* _Problem to solve_:
For this exercise, the lines from the one with "Pour les pieds" through the final line of the data below are to be transcribed exactly, and pictures are to be skipped.
##### Data shown
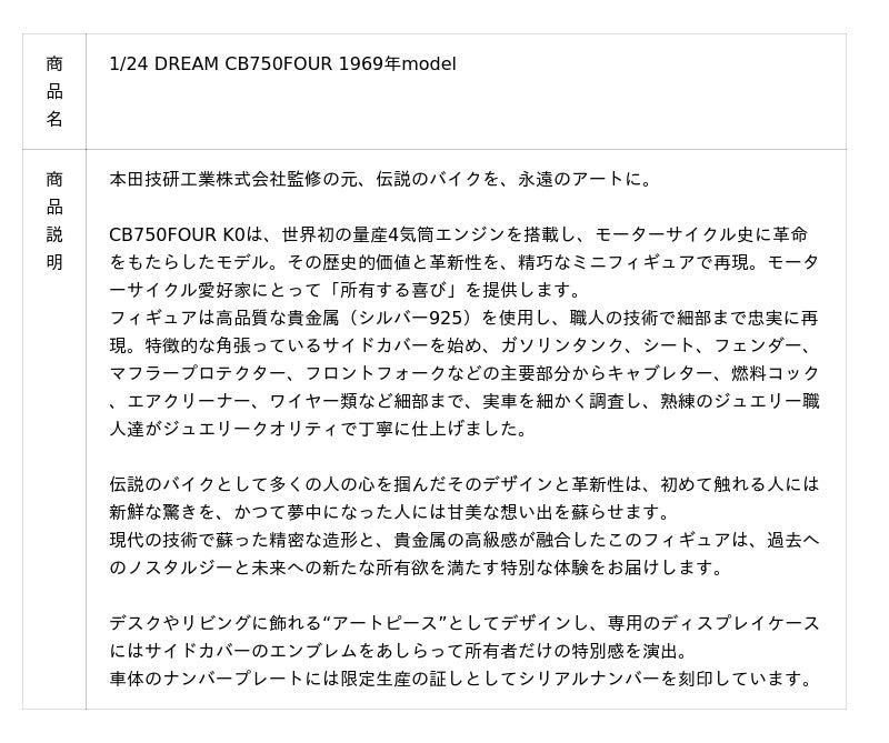 【Honda】”ナナハン”の代名詞「CB750FOUR」1969年モデルの1/24サイズ シルバー製フィギュア。ナンバープレートにシリアルナンバーを刻印
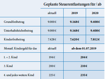 Anpassungen wird es ebenfalls beim Kindergeld geben, das ab Juli 2019 um 10 Euro und ab Januar 2021 um weitere 15 Euro angehoben werden soll. Der Kinderfreibetrag wird entsprechend angepasst. Dieser wird bei höheren zu versteuernden Einkommen anstelle des Kindergeldes gewährt. Den Eltern wird zunächst monatlich Kindergeld ausgezahlt und bei der Einkommensteuerveranlagung wird von Amts wegen geprüft, ob der Kinderfreibetrag eine höhere Entlastung als das Kindergeld ausmacht. Ist dies der Fall, wird der Kinderfreibetrag steuermindernd berücksichtigt und die bereits erhaltenen Kindergeldzahlungen gegengerechnet.
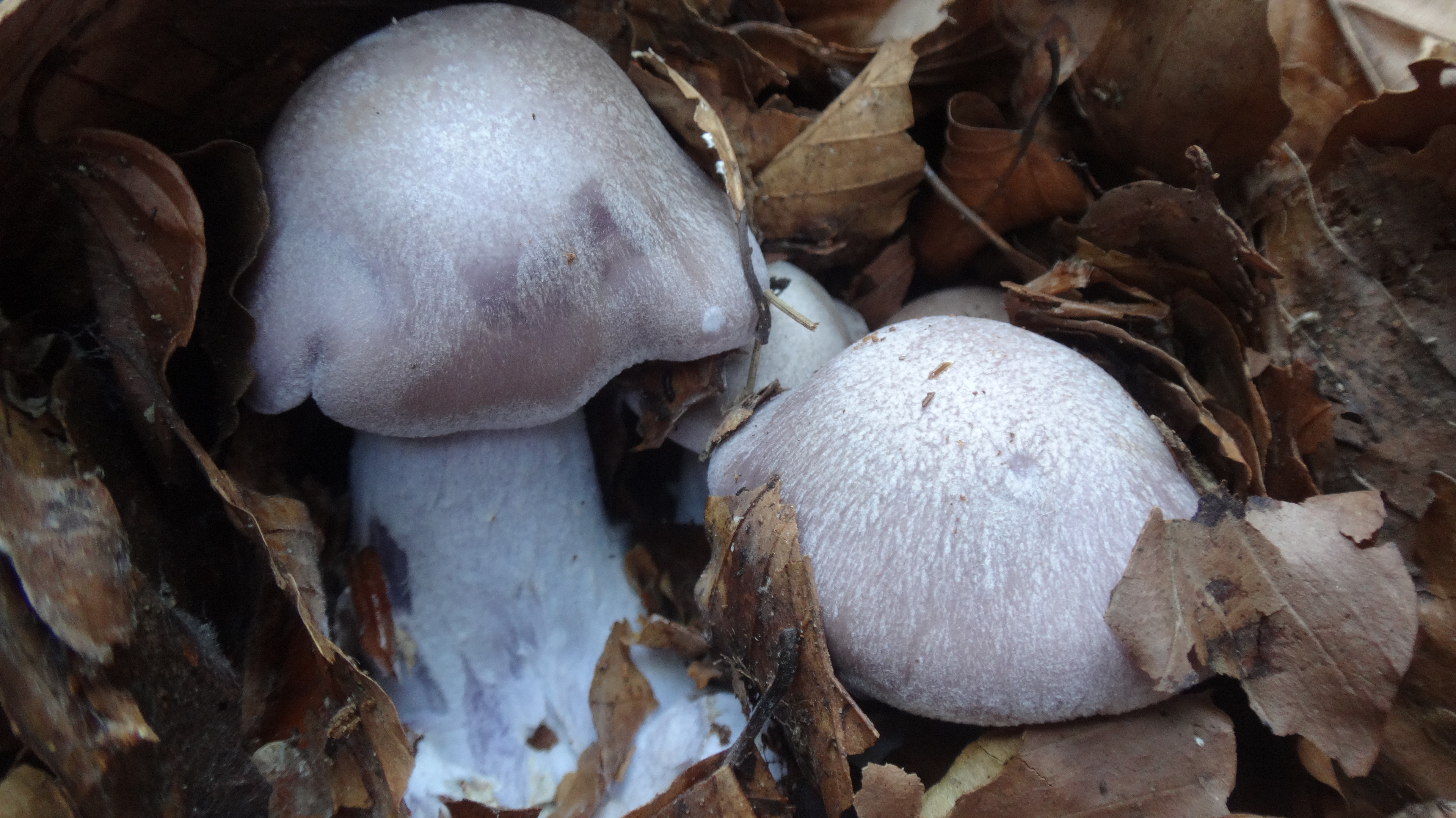Pour les pieds bleus voici deux photos. Ils sont mauves, les lamelles plus foncées et le pied un peu bleuté. Odeur très agréable. Ils font 5 à 8 cm environ et poussaient sous les hêtres, dans la litière.
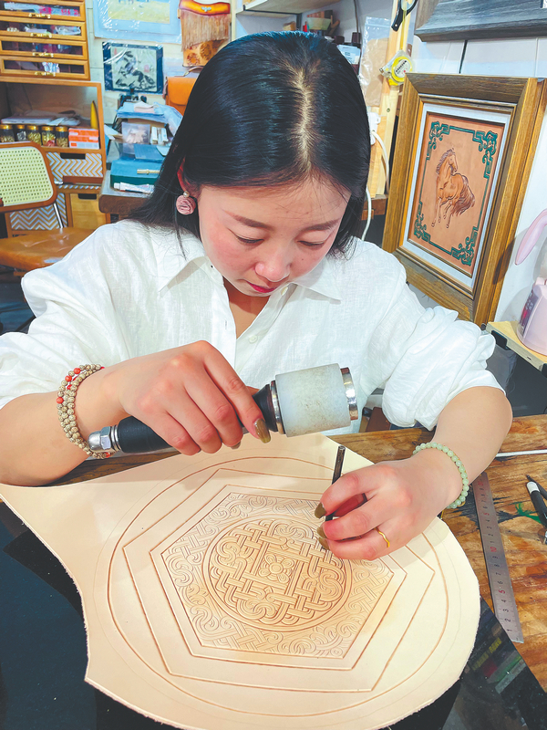 Li Xiaofang (center) works on leather carving in Hohhot, Inner Mongolia autonomous region.CHINA DAILY
##########
* _Written answer_:
Pour les pieds bleus voici deux photos. Ils sont mauves, les lamelles plus foncées et le pied un peu bleuté. Odeur très agréable. Ils font 5 à 8 cm environ et poussaient sous les hêtres, dans la litière.
 Li Xiaofang (center) works on leather carving in Hohhot, Inner Mongolia autonomous region.CHINA DAILY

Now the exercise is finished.